§ **PROBLEM TO WORK ON**
Transcribe word for word the section of the records below that opens with the line containing "42 İnç Akıllı" and closes with the line containing "CHIPAL mini adaptateur"; drop every picture.

====== RECORDS SHOWN ======

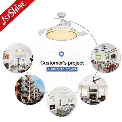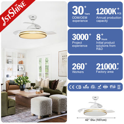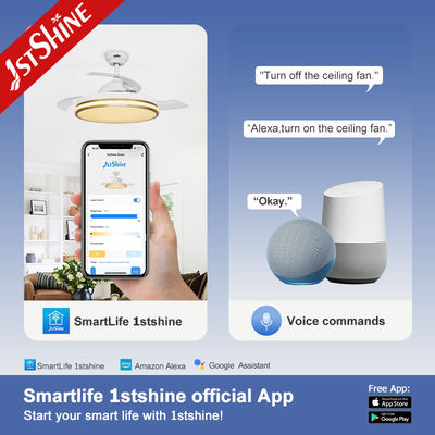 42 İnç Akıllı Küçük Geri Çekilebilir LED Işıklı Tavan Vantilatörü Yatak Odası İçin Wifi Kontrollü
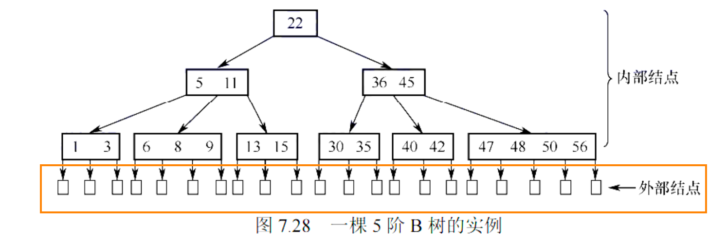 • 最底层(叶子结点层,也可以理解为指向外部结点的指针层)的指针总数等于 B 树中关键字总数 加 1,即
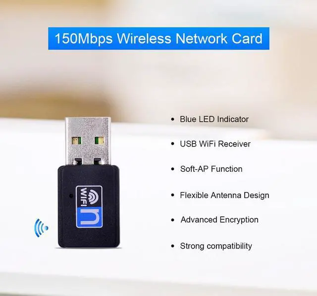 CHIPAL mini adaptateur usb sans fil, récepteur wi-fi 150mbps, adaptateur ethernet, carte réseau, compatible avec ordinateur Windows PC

======
====== RECORDS SHOWN ======

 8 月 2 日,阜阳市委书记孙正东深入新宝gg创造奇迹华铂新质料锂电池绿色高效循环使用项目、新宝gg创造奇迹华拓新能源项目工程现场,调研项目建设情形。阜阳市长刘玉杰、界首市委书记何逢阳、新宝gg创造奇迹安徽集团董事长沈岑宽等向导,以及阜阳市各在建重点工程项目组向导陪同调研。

======
====== RECORDS SHOWN ======

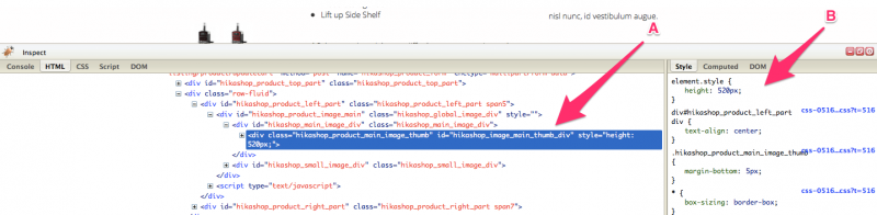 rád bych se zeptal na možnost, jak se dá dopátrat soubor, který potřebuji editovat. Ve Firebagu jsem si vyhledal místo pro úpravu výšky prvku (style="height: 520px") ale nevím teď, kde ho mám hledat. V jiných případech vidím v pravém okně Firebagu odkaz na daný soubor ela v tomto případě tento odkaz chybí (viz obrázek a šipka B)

======

§ **WRITTEN SOLUTION**
 42 İnç Akıllı Küçük Geri Çekilebilir LED Işıklı Tavan Vantilatörü Yatak Odası İçin Wifi Kontrollü
 • 最底层(叶子结点层,也可以理解为指向外部结点的指针层)的指针总数等于 B 树中关键字总数 加 1,即
 CHIPAL mini adaptateur usb sans fil, récepteur wi-fi 150mbps, adaptateur ethernet, carte réseau, compatible avec ordinateur Windows PC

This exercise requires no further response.